It seems to me the greatest challenge WotC faces in shepherding D&D into the 21st century is one of time. Specifically, the time players spend away from the gaming table.
The original network of D&D players in the 70s and 80s, when they stopped playing D&D, went home and created content. World, dungeons, maps. They took this content and iterated on it for years.
These days players, and this is my direct experience, regardless of age or background, love the game at the table. But when they leave the table, they go play Skyrim or Minecraft or whatever.
Do you have any plans for giving players online tools to create content, worlds, dungeons, adventures, and share them with others? Vote on the best ones, search, download, modify? Crowdsource, in other words, the content creation people used to do habitually and alone?
Great job on 4E, BTW. Best system I’ve ever seen.
This is definitely a big issue for all games. I can’t make specific comments, but it is something that I think is a logical extension of the game. In some ways, D&D was one of the first games (along with minis games) that had a lot of away-from-the-game entertainment built into it. There is definitely something there that I want to tap into.
- As a child of the 70’s, I can say that there was a lot less to do in those days. RPGs now have to compete with instantly available entertainment and I think how they do that is an excellent discussion to have.
My sincerest thanks for doing this AMA!
D&D Next Questions:
- I’m a huge fan of Iron Heroes, and I would love to play a D&D Next campaign that doesn’t rely on the party having access to magic of any kind. Will this be an explicitly supported option?
- I don’t like random hit points upon level up. Will D&D Next explicitly support deterministic hit point progressions?
- I really like the idea behind the advantage/disadvantage mechanic, but I am a bit confused about how to apply it. For example:
- In a contest, does the party with the upper hand roll with advantage, or does the other party roll with disadvantage?
- Can NPCs get advantage or disadvantage?
- Yes, the core game does not assume any benefits coming from magic items. They purely make you better.
- Yes, we’ll have options for rolling or taking a number.
- It’s possible for one side to had disad and the other advantage in a contest.
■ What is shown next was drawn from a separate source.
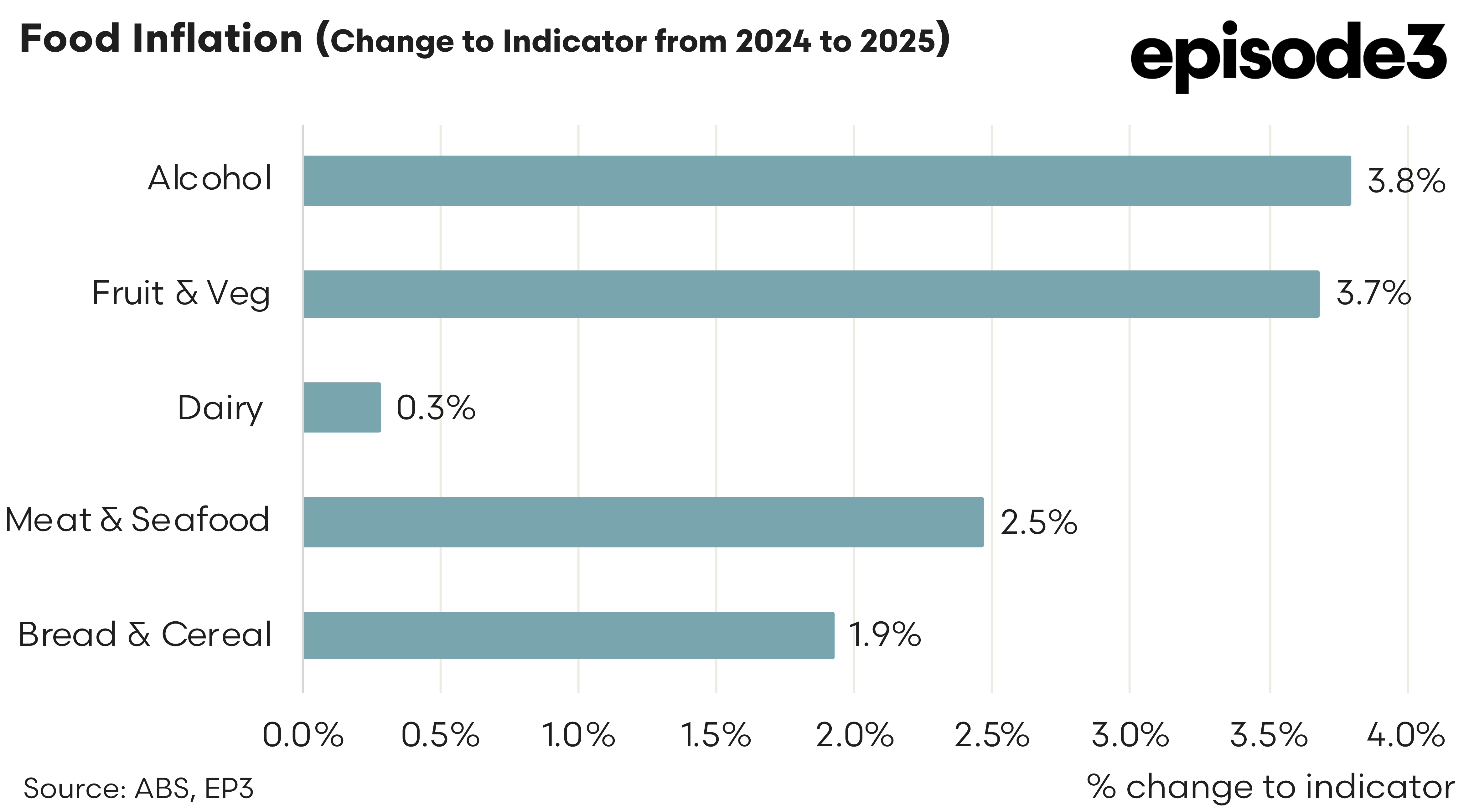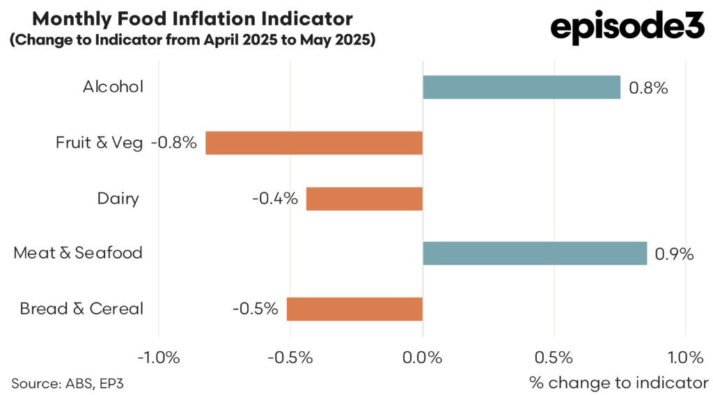 Looking at the broader picture, annual food inflation from 2024 to 2025 highlights a continued upward trend across nearly all major categories. Alcohol leads with a 3.8% increase over the year, followed closely by fruit and vegetables at 3.7%. Meat and seafood recorded a 2.5% rise, while bread and cereal prices climbed 1.9%. Dairy prices showed the smallest annual movement, up just 0.3%, confirming the subdued month-to-month pattern observed in May.

I’d recommend looking at each factor that affects the contest and assessing it as a disad or advantage for one side or the other. NPCs can definitely get either affect, depending on the situation.
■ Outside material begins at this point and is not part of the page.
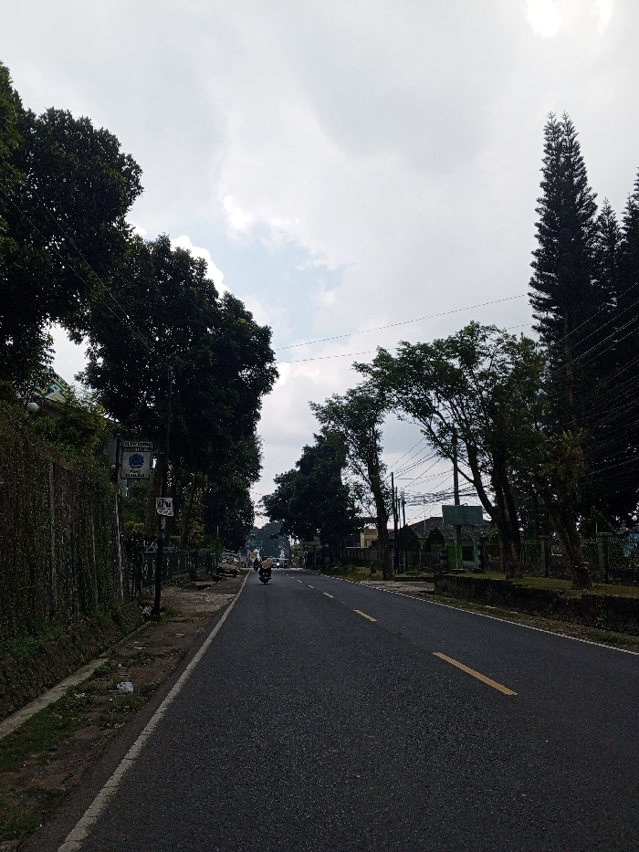 The image depicts a straight asphalt road in the city of Multhan, India, under an overcast sky with patches of brighter cloud

- Answer #1 here confuses me. People want things that make them better. If someone gets a magic sword that helps them hit more often, how does the desire on the part of the other players to hit just as often not become the new normal? Am I supposed to say, “I’m sorry, Witchknight, you can’t have a magic rod because it isn’t good story, even though Ogden got his sword”? That seems… unhealthy.
- Oh, yay. It’s not as though 4e addressed the fact that almost every group had house rules for hit points or anything. Let’s just keep unmaking the wheel and then adding it in as an optional feature.
My biggest problem with 4E was magic items. Back in 3e, and 3.5, it was awesome to get a magic item, because it would deal consistent, extra damage (+1d4 ice, +1d6 fire, etc.). With the vanilla 4e ruleset, those are thrown out the window. Magic items were basically +1 to hit, or maybe +1 damage. I realize its balanced around this, but it just feels sorta underpowered, and lame. I like rolling lots of dice, and I never felt I could in 4e, at least at the lower levels.
I remember the first time, as a Warlock, I got a Warlock Pact Blade. In 4e, using the player’s handbook (or DMG I can’t remember), it was +1 to hit, and +1 damage. The only other thing it had going for it, was as an Encounter, you could use Eldritch Blast. What? Why was this even a thing? I can cast Eldritch Blast a million times, why was this some extra thing? It basically made Pact Blades cool for other casters, and useless to a Warlock.
How are magic items handled in DnDNext? Will we see a return to awesome extra damage, or will they say “super balanced” and +1 to hit. I looked over the Wizard, and felt he was okay, but I wanted to ask about the Rogue. I noticed that there really isn’t an option for extra damage on a Sneak Attack (I think it said you can get +1d6), but I liked how at higher levels this would go up in damage, making Sneak Attacks a valuable thing that only happened rarely. Are these types of abilities falling by the wayside?
We want magic items to feel awesome. I want the +1 or +2 to be something that you might even gloss over, and part of me wants to try designing the game without them.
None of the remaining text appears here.